Pada akhirnya, sebuah permulaan pasti akan sampai pada titik akhirnya. Mungkinkah ini titik akhir tersebut? Akhir dari sebuah permulaan yang terasa terlalu begitu cepat....
Tak pernah terbayangkan bahwa akan secepat ini semua keadaan berubah, berubah secara drastis, seperti 180° derajat. Seolah mengakhiri itu semudah membalikkan telapak tangan, tanpa pernah tahu dan memikirkan bekas luka yang ditinggalkan.
Luka yang membekas seolah sudah terlalu dalam menyayat hati. Air mata yang mengalir seolah sudah tak mampu lagi untuk dibendung, mengalir dengan sendirinya hingga akhirnya seolah tak ada lagi yang bisa menetes. Hati dan pikiran yang seolah sudah terlalu lelah untuk saling berdebat di dalam diri masing-masing. Perasaan dan logika.

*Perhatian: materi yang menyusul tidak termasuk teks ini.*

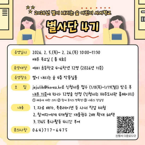 [뉴스다컴] 제주도교육청 제주도서관은 어린이들이 사서 직업을 직접 체험하며 도서관의 역할과 가치를 이해할 수 있도록 2026년 별이 내리는 숲 어린이 사서 학교 ‘별사단 4기’를 운영한다.
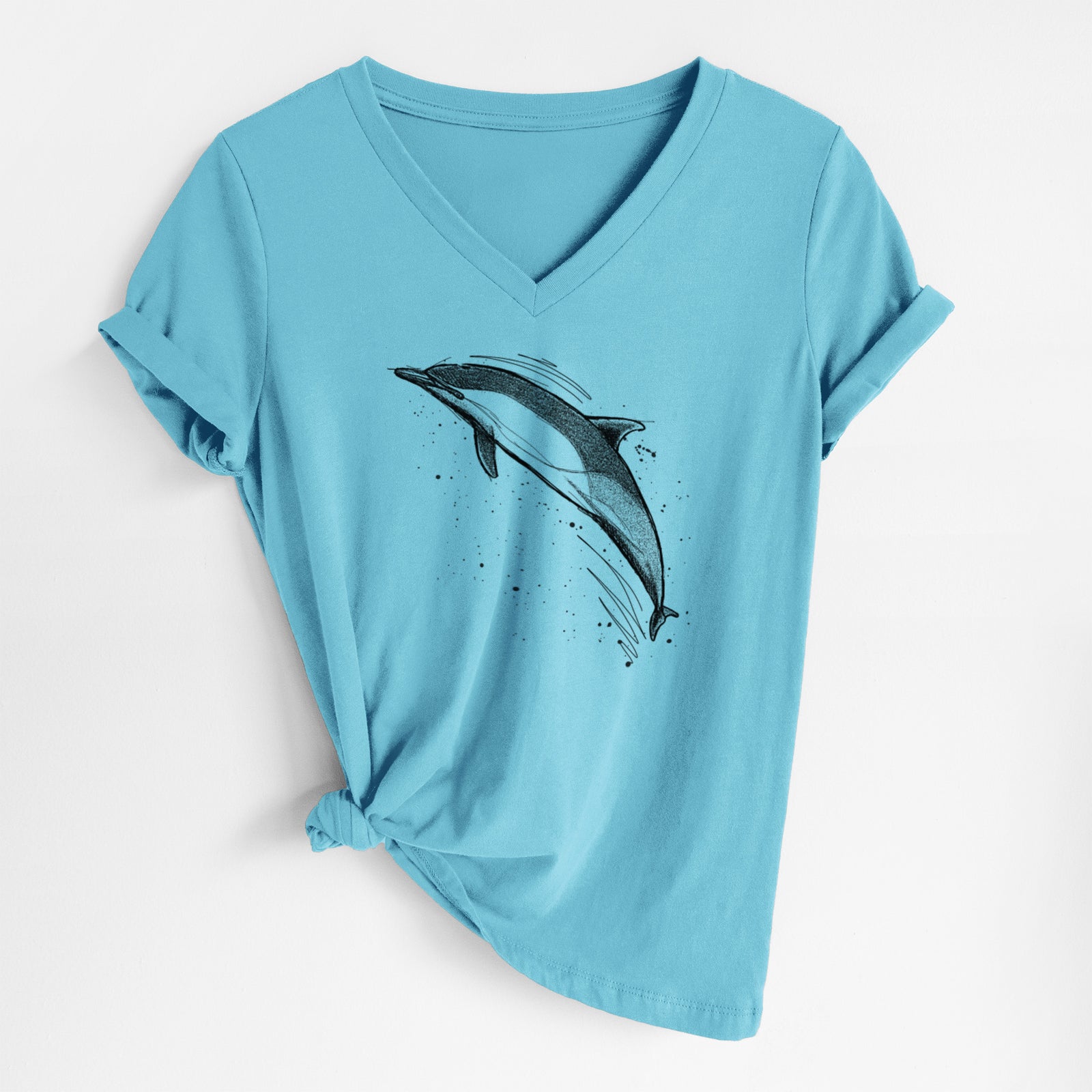 Short-Beaked Common Dolphin - Delphinus delphis - Women's Lightweight Relaxed Fit 100% Cotton V-neck
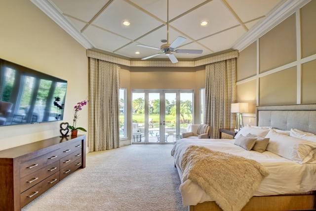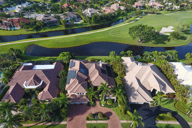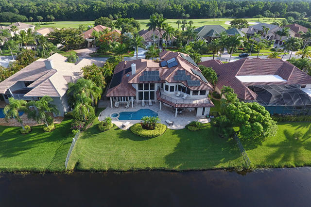 Totally renovated (down to studs) & expanded like new! Magnificent Contemporary home with every extra & superb southern lake & golf views. Elevator, hurricane impact glass, theater, generator, Crestron smart system, LED lighting, Platinum Mosquito Protection, executive phone system, water purification & reverse osmosis, SOLAR panels for energy efficiency. 1st floor Master suite with his & her baths & large custom closets. Euro-style kitchen with quartz counters, Wolf gas range, convection oven, microwave, Sub-Zero refrigerator, Miele dishwasher, Butler pantry, wine fridge. Large family room. Loft with theater, exercise area & huge terrace. 2 laundry rooms. 4 Guest bedrooms are en-suite. Southern exposure for resort-style pool, patios, terrace, outdoor kitchen, and prime lake & golf views.

Kau yang dulu selalu terselip dalam doa-doaku, kau yang dulu menjadi penyemangat hari-hariku, kau yang dulu menjadi pewarna hari-hariku, kau yang selalu menjadi alasan bagi mata ini untuk selalu mencari keberadaanmu di tengah keramaian, kau yang bisa membuat diri ini bangkit di tengah kesedihan, kau yang mengajarkanku untuk lebih dewasa, kau yang tak pernah lelah untuk bertahan dan berjuang, kau yang selalu berusaha, hingga akhirnya kau jugalah yang membuatku menyadari betapa pentingnya arti seseorang dalam kehidupan.
Namun, semua sudah berubah, sudah tak sama lagi seperti dahulu. Seperti tak ada lagi yang perlu dipertanyakan, tak ada lagi yang perlu dipertahankan, tak ada lagi yang perlu diperjuangkan...
Seolah sudah pasrah akan kenyataan yang ada. Seolah sudah terlalu lelah untuk memperjuangkan dan mempertahankannya lagi. Seolah memang sudah cukup berakhir di sini.
Kau yang kini sudah menemukan 'dia'. 'Dia' yang kuharap jauh lebih baik daripadaku, dia yang jauh lebih membuatmu nyaman, dia yang nantinya akan jauh lebih menyayangimu. 'Dia' yang hingga saat ini belum aku ketahui kebenarannya. 'Dia' yang terkadang kau bilang tak ada, namun terkadang kau bilang ada. Hingga akhirnya membuatku terlalu bingung untuk menentukan kebenaran. Di saat hati ini sudah mulai percaya dan bahagia bahwa 'dia' tidak ada, namun di saat itulah juga kau seolah tiba-tiba menjatuhkanku yang sedang terbang bebas dengan mengatakan fakta yang ada, bahwa 'dia' ada, seolah dengan cepat kembali merenggut rasa bahagia yang baru muncul sesaat itu. Hingga membuatku tak tahu berkata apa-apa, tak mampu berpikir, dan memilih untuk mundur.
Memilih untuk mundur. Memilih untuk berhenti menggantungkan perasaan yang masih berharap. Memilih untuk melawan perasaan yang memberontak. Memilih untuk bungkam. Hingga pikiran dan perasaan kembali berdebat dalam diri sendiri. Tak mampu berbuat apa-apa. Tangis? Ya, terlalu cengeng memang.
Namun, aku sadar. Jika ada yang perlu disalahkan, maka akulah orang yang tepat. Aku yang terlalu egois, tak pernah merasakan perasaan orang lain, seolah tak peduli dengan apa yang terjadi. Aku yang memintamu untuk selalu tinggal namun aku juga yang seolah tak pernah menghargai usaha-usahamu. Mungkin kau sudah terlalu lelah dari sekian waktu yang lama, namun aku selalu seolah menahanmu, hingga akhirnya kau tak jadi pergi lagi, seolah kasihan melihat diri yang egois ini.
Kini akhirnya, jika memang ini merupakan akhir dari segalanya, kan kucoba untuk mengikhlaskan, walau dengan berat hati. Perasaan dan pikiran yang tak pernah sejalan. Perasaan yang selalu meminta untuk tetap mempertahankan, namun pikiran yang seolah turut meminta untuk mengikhlaskan walau berat hati. Bukan fisik yang terluka, tapi batin yang tersiksa. Kini kupasrahkan semuanya.
Memulai suatu yang baru? Sepertinya tidak. Aku terlalu takut untuk memulainya kembali. Takut jika suatu taat kembali terlanjur nyaman dan pada akhirnya harus berakhir lagi? Terlalu takut akan menghadapi itu. Serta terlalu lelah untuk memulai sesuatu yang baru kembali.
"Aku tak pernah menghapus kenangan, yang kulakukan hanyalah berusaha tanpamu dan menahan tangis."